他方,4回目会合事件の事実関係を否認していた原告X6,原告X7,原告X10及び原告X11の弁解・供述中には,犯罪の嫌疑が認められなくなるような特段の事情はなかった(A88の弁解・供述についても同様であった。)。
1回目会合事件についても,原告X6及び原告X7は事実関係を否認していたが,同事件の事実関係を認めた原告X1の供述,原告X2の供述,原告X4の供述,原告X3の供述及び亡A1の供述のほか,これらの供述を裏付ける原告X8,A88の各供述等の証拠が既に収集済みであった。
他方,1回目会合事件についても事実関係を否認する原告X6及び原告X7の弁解・供述は,同事件の事実関係を否認する原告X5の供述等の証拠資料を併せ考慮しても,犯罪の嫌疑を客観的に否定するものではなかった上,本件原告らが指摘する原告X6のアリバイに関する証拠資料は,通常の捜査を遂行すれば収集し得た証拠資料とはいえないから,犯罪の嫌疑が認められなくなるような特段の事情もなかった。
勾留請求時に現に収集し,通常の捜査を遂行すれば収集し得た証拠資料に照らせば,A73検事が,原告X6ら5名に罪を犯したと疑うに足る相当の理由があるとした判断は,法の予定する一般的な検察官の判断として合理的理由が欠如しているとはいえない。
次に,刑事訴訟法60条1項各号該当事由についても,これまで繰り返し述べたとおり,本件が選挙違反という民主主義の根幹を揺るがす重大犯罪であることに加え,原告X6が,複数回にわたって現金を供与していることが強く疑われたところ,同人及びその妻原告X7が4回目会合事件,1回目会合事件のいずれについても事実関係を全面否認していたほか,4回目会合事件の受供与者として新たに逮捕された原告X10,原告X11及びA88も,現金の授受はもちろん,会合事実そのものを否認しており,これらの者が受供与を認めている者に働き掛けて供述の変更を依頼するなどして罪証隠滅工作に及ぶことが強く疑われた。
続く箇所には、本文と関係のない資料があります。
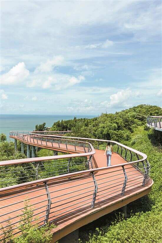 走出酒店,往右前方上坡,路过面朝大海的彩花秋千架,15分钟便来到了蜜月山风景区。木质栈道蜿蜒在山林间,山顶处的蜜月阁是一个三层高的小阁楼,登高后可以360度俯瞰全岛和海湾曲线,是观赏日落的绝佳位置。步行而上,山海间的清新空气扑面而来,也可以选择乘坐全景玻璃的“蜜月电梯”直接登高,下来时挑战刺激的“蜜月飞车”在蜿蜒滑道上看山海。
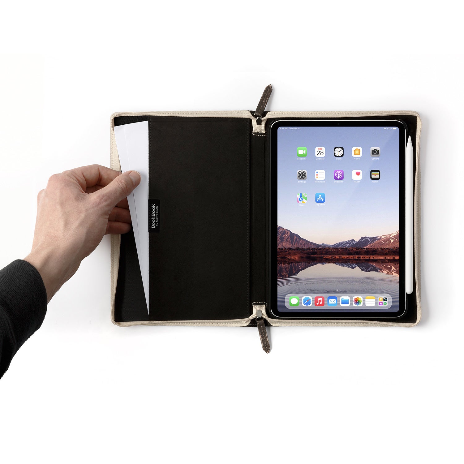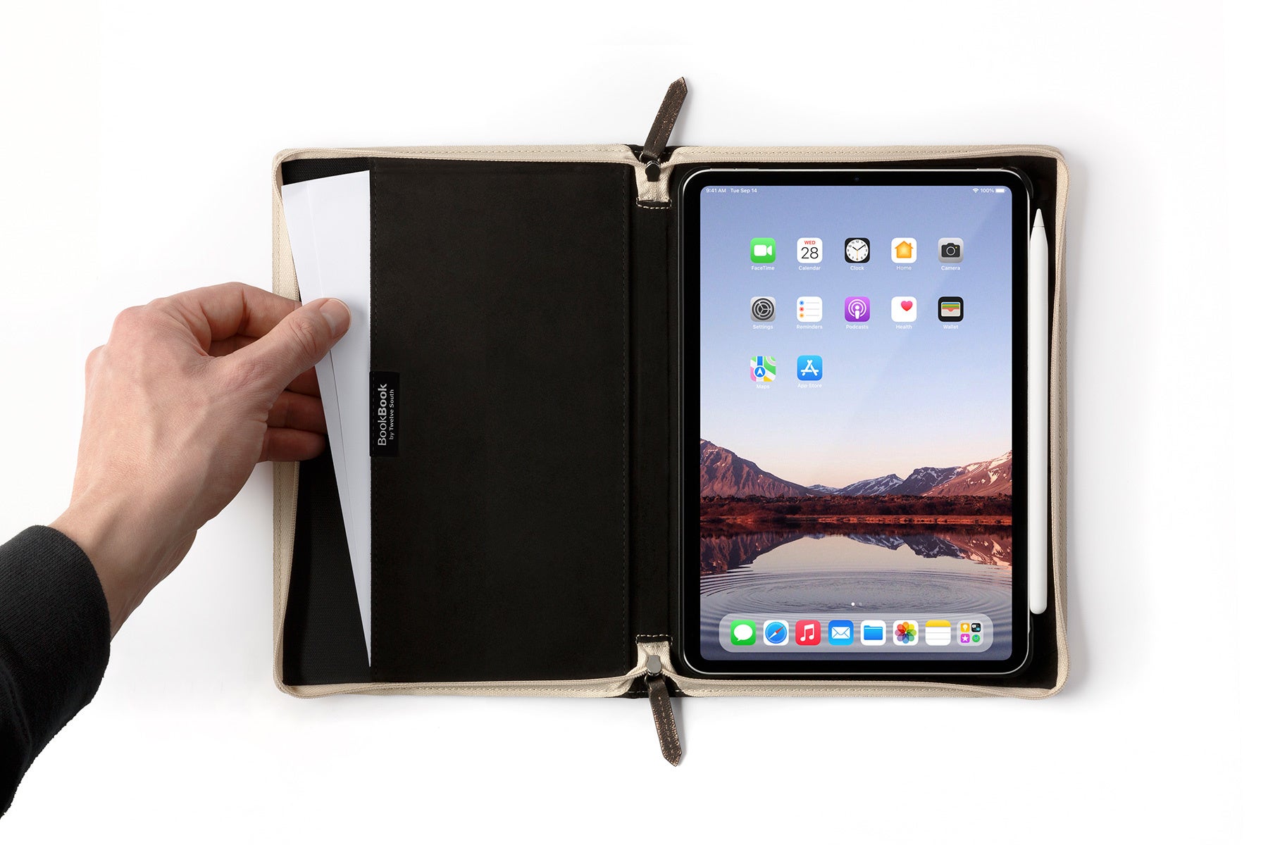 BookBookに装着した状態でiPadにApple Pencilをセットできるスペースを確保。もうApple Pencilを見失うようなことはありません。また、反対側のポケットには書類やケーブルなどの収納も可能です。

加えて,受供与者がいずれもa3集落又はその周辺の小集落に居住する者らであったことをも考慮すれば,通謀の上,それぞれの関与を否認したり,原告X6及び同X7の関与を否認することも強く疑われたというべきであるから,A73検事が,否認していた原告X6,原告X7,原告X10及び原告X11のみならず,自白していた原告X8に刑事訴訟法60条1項2号,3号該当事由があるとした判断は,法の予定する一般的な検察官の判断として合理的理由が欠如しているとはいえない。
したがって,A73検事が,原告X6ら5名の4回目会合事件及び1回目会合事件について犯罪の嫌疑及び勾留の必要性が認められるとした判断は,法の予定する一般的な検察官の判断として合理的理由が欠如しているとはいえず,原告X6ら5名に対する勾留請求が国家賠償法上違法とされるものではない。このことは,A73検事及びA75検事が,勾留状の発付を受けてその執行を指揮し,原告X6ら5名の身柄を拘束した点についても同様である。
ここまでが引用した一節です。